Case Analysis Jim McComas

Book Review of Case Analysis by Jonathan Rapping in the Champion (April 2012)

Cases are won and lost long before trials begin. A lawyer begins earning a not guilty verdict the moment the lawyer takes the case. The ability to perform well is intricately connected to the process of Case Analysis. It is an art that author James McComas honed as a public defender. Through this book, he passes this critical methodology on to each reader.

Far too often, the quality of a lawyer is measured by the lawyer’s ability to very quickly identify winning cases and to effectively "shoot from the hip" in the courtroom. Some defenders brag that they can differentiate winning cases from losers simply by reading the police report, viewing this as a positive skill nurtured through experience. Others have boasted of being able to pick up a file and try the case the next day, as if this "ability" is the hallmark of a true trial jock. However, assessing the likelihood of success without putting in the work required to accurately make that prediction, and overreliance on the degree to which true trial skill is responsible for winning cases, impeded many of us from maximizing our changes of success.

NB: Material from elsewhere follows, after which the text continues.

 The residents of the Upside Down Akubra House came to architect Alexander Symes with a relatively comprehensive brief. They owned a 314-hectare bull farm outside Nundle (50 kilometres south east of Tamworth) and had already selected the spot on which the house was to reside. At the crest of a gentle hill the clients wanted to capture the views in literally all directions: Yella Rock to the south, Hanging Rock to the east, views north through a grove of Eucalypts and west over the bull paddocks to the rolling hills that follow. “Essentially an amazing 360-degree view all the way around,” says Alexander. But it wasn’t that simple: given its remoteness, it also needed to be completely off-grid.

In Case Analysis, James McComas warns against thinking like a lawyer and urges us to remember that our clients’ fates lie in the hands of jurors. Jurors are laypeople who employ common sense shaped by the world around them. Jurors are moved by facts and feelings, not by law. When we understand this lesson, we can begin to identify those facts and perceptions that most move jurors. Our ability to identify these “outcomes levers,” as McComas calls them, is the first step towards a successful trial strategy. They are often not immediately apparent in the always lacking narrative of the police reports. We must discover them through investigation, discovery, and pretrial litigation. Our ability to analyze how these outcome levers will impact juror is the next step, essential to incorporating them into the most viable defense theory. The ability to maximize the impact of these outcome levers that support the theory of innocence — and to minimize those that help the opponent — is the final step. McComas teaches that this is done through motions strategy, voir dire, opening statements, cross-examinations, direct examination, jury instructions, and closing arguments.

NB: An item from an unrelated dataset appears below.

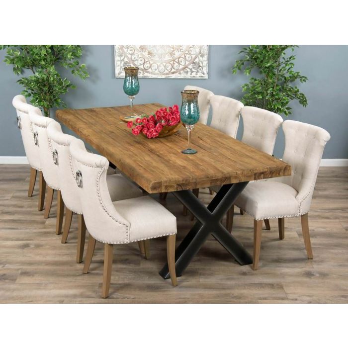 Our Urban Fusion range is growing at a rapid rate and we just adore it! The 2.4m dining table would be perfect if you cant quite fit a larger table in as it still seats an impressive 8 to 10 people which enables you to still host your luxurious dinner parties. The cross dining table has a seamlessly rustic reclaimed teak table top where the characterful grain of the timber can really be appreciated, the legs are a unique cross shape that is made from iron providing strength and durability. The Urban Fusion cross dining table has been paired with our luxurious Windsor Ring Back dining chairs in Natural to add style and sophistication to a seamlessly rustic set, the seat has been filled with foam and sprung webbing to offer maximum comfort and support that will not sag over time and remain plump for years to come.

The Case Analysis method depends on trial preparation for its success. It teaches that the best trial lawyers must also be wonderful investigators, must excel at pretrial litigation, and must develop a creative and aggressive discovery practice. The lawyer who files boilerplate motions, engages in routine discovery, relies solely on standard jury instructions, or fails to direct the investigative process will miss opportunities to identify and develop outcome levers. When the lawyer who excels in all preparation and trial areas applies the Case Analysis method, the lawyer’s power to move a jury is unparalleled.

McComas came to understand these lessons early in his career as a public defender. He passed these lessons down to the lawyers he trained. This book will change the way a lawyer approaches representation. McComas reminds us that we can be outspent, but never outworked or outthought. He gives us a process through which we can find a way to win that hard case.